As for the CCP’s 1949 cloak-and-dagger meetings with U.S. Ambassador Leighton Stuart, the chief Communist negotiator at those meetings made it clear that the establishment of cooperative relations between the U.S. and China after the revolution was contingent upon the severance of all U.S. ties to Chiang K’ai-shek.

This was clearly further than the United States government was prepared to go, especially in view of Washington’s increasingly tense Cold War relations with Moscow.

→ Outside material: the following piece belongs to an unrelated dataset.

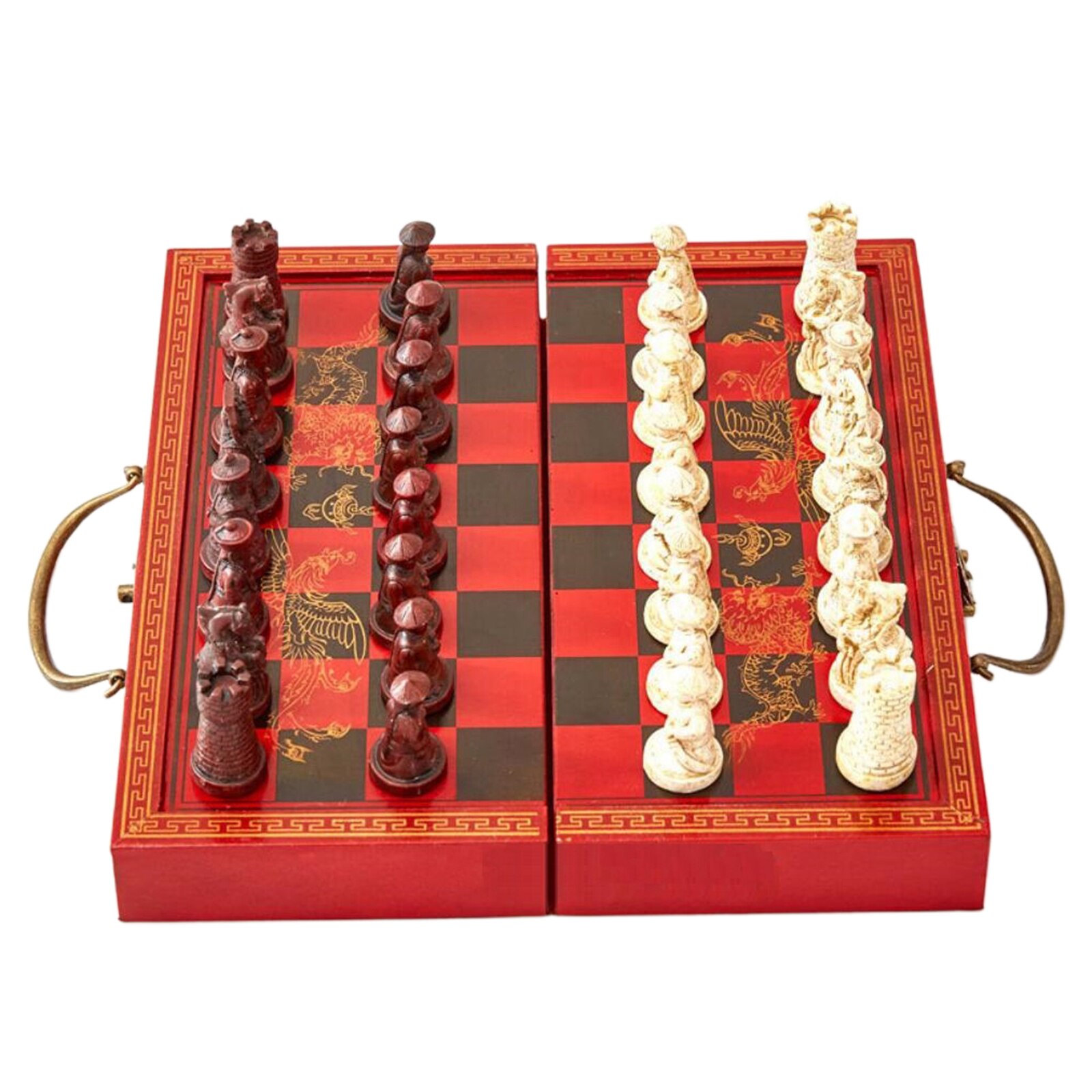 Houten Gesneden Schaakspel Internationale Schaken Folable Board Reizen Draagbare

Finally, there is scant evidence to support the claim, made by some historians, that Mao was consciously trying to play off the Russians against the Americans, and that he was seeking to escape from a tightening Soviet bear hug by courting American support.

Learn more about Communist Party’s national campaigns of land reform.

Reason for Mao’s Decision to Align with the Soviets

On the contrary, however, we now know that throughout Ambassador Stuart’s meetings with his Chinese counterpart, the Chinese side kept Stalin fully informed about the contents of their discussions; and that it was Stalin, rather than Mao, who proposed that the CCP should keep the door open to possible cooperation with the Americans, even if the U.S. refused to sever its ties with Chiang K’ai-shek.

Ultimately, then, the bulk of the evidence points to the conclusion that Mao’s decision to “lean to one side” was almost certainly the product of prevailing geopolitical and ideological realities, including the deepening of Cold War global bipolarity, and was not primarily the result of American blundering and short-sightedness.

Common Questions about China and Soviet Union Alignment

Q: What were the two challenges for the Chinese Communist Party after the Maoists’ victory in 1949?

The two challenges for the Chinese Communist Party were: first, to consolidate their political control, and second, to get the economy moving again.

Q: What was the Marshall Plan?

In 1947, President Truman had announced the birth of the Marshall Plan. It was designed to accelerate the economic recovery of Western Europe and thereby counteract rising Soviet power and influence in the East.

Q: Why else did President Truman do to check the rising influence of Soviet Union in the world?

By 1949, Truman had taken the lead in creating a trans-Atlantic anti-Soviet alliance, NATO, or the North Atlantic Treaty Organization.